IBM collected MONWRITE data during measurement steady state and reduced with Performance Toolkit for VM. A transaction was one successful Telnet connection. The workload throughput was controlled by the Linux client initiating one Telnet connection every half a second. The TCPU column in FCX162 USERLOG for the SSL server was used to calculate guest CPU per transaction.

Results and Discussion

Telnet Connection

Table 1 shows the CPU time to establish a new Telnet connection versus existing number of connections.

Table 1. CPU Milliseconds Needed for a New Connection
Existing 7.1 7.2 Delta 7.2+CCC_NONE
0-120 7.16 31.34 24.18 7.14
121-240 9.40 32.53 23.13 9.0
241-360 12.66 37.49 24.83 12.4
361-480 15.91 38.70 22.79 15.5
481-600 20.90 45.66 24.76 20.6
Notes: CEC model 8561-T01, Crypto Express CEX7A, CP Assist for Cryptographic Function (CPACF) Support, cipher ECDHE_RSA_AES_128_SHA256. "7.1" is z/VM 7.1 without the PTF. "7.2" is z/VM 7.2, which contains the PTF in the base. "7.2+CCC_NONE" is z/VM 7.2 with the Telnet server configured to INTERNALCLIENTPARMS CLIENTCERTCHECK NONE.

Chart 1 shows a graph of the same information.

Chart 1. SSL CPU Time to Establish a New Connection versus Existing Connections.
Notes: CEC model 8561-T01, Crypto Express CEX7A, CP Assist for Cryptographic Function (CPACF) Support, cipher ECDHE_RSA_AES_128_SHA256. "7.1" is z/VM 7.1 without the PTF. "7.2" is z/VM 7.2, which contains the PTF in the base. "7.2-chk" is z/VM 7.2 with INTERNALCLIENTPARMS CLIENTCERTCHECK NONE.

With either the old default behavior or the new default behavior, the SSL server CPU time needed to establish a connection gradually increased with existing number of connections.
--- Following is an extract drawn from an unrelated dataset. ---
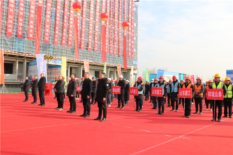 元月29日上午,集團(tuán)承建的山東農(nóng)業(yè)工程學(xué)院二期10號學(xué)生公寓喜封金頂。山東農(nóng)業(yè)工程學(xué)院黨委書記張鴻波,黨委委員、副院長周吉鵬;淄博市教育局黨組書記、局長孫英濤;淄博市項(xiàng)目建設(shè)工作專班副主任李詠芹、耿慶永;集團(tuán)黨委書記、董事長王彥宏,總會計師郭洪濤,副總經(jīng)理、三直屬公司總經(jīng)理宋吉鋒出席封頂儀式。

Very steadily, over the measurement period, the SSL server CPU time to establish a new connection increased by 24 msec with the new default behavior, compared back to the old default behavior.

With the PTF applied, the old Telnet server behavior can be achieved by coding INTERNALCLIENTPARMS CLIENTCERTCHECK NONE in the z/VM TCP/IP configuration file, often named PROFILE TCPIP.

Summary

The new default behavior for the Telnet server increases the CPU time used by the SSL server in creating a new Telnet connection. The increase is about 24 msec. The old default behavior can be selected explicitly by coding it in PROFILE TCPIP.